We started by identifying features that are indicative of malicious intent. These included metadata attributes such as whether the maintainer provided a valid email or homepage, file-related characteristics like incomplete setup configuration or mismatched license types, and code-level signals such as obfuscated content, suspicious URLs, or use of risky APIs (getattr, connect, read, open). Our goal was to capture behavioral and contextual patterns that might be overlooked by traditional rule-based or static analysis tools.

To build a reliable dataset, we collected 5,193 benign and 138 malicious PyPI packages. The benign packages were selected based on usage and popularity from sources like PyPI and Libraries.io. The malicious packages were curated from past threat intelligence reports and research datasets, and spanned diverse attack types such as typosquatting, trojans, and backdoors. A separate test set of 397 benign and 143 new malicious packages was used to evaluate generalizability.

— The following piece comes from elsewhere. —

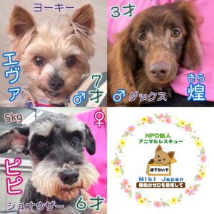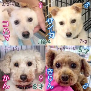 - 成犬は避妊去勢をしてからの譲渡になります。上記費用に別途手術費用がかかります。(3~5万円

We experimented with six supervised machine learning models: random forest, decision tree, support vector machine, multilayer perceptron, naive Bayes, and a stacking ensemble combining them. Our goal was not just accuracy, but also interpretability and practical utility. The stacking classifier consistently outperformed others.

MaliciousPackages

The stacking classifier achieved an F1 score of 94.2%, with precision at 98% and recall at 91% on the training dataset. On the unseen test set, the model achieved an F1 score of 90%, confirming its generalizability. Notably, textual features (extracted from source code using tools like Packj) contributed significantly to performance, particularly when identifying suspicious API usage.

We also analyzed feature importance and found that metadata-based indicators such as invalid homepage, invalid author email, and license mismatch were among the most predictive features, often more so than code-level indicators. This suggests that attacker behavior is often visible in how a PyPI package is configured and published, not just in what its code does.

When evaluated on a separate test set of previously unseen PyPI packages, the model maintained similarly strong performance. This shows it generalizes well and can serve as an early-warning system for malicious package detection. Since our approach does not rely on deep static or dynamic analysis, it remains lightweight and suitable for real-time integration into package registries or continuous integration pipelines.

By combining machine learning with targeted feature design, we offer a practical and proactive method for identifying threats in the Python software supply chain. Our results show that metadata-driven models combined with text features can effectively surface early signals of malicious intent helping protect developers and users from compromised PyPI packages before they reach widespread adoption.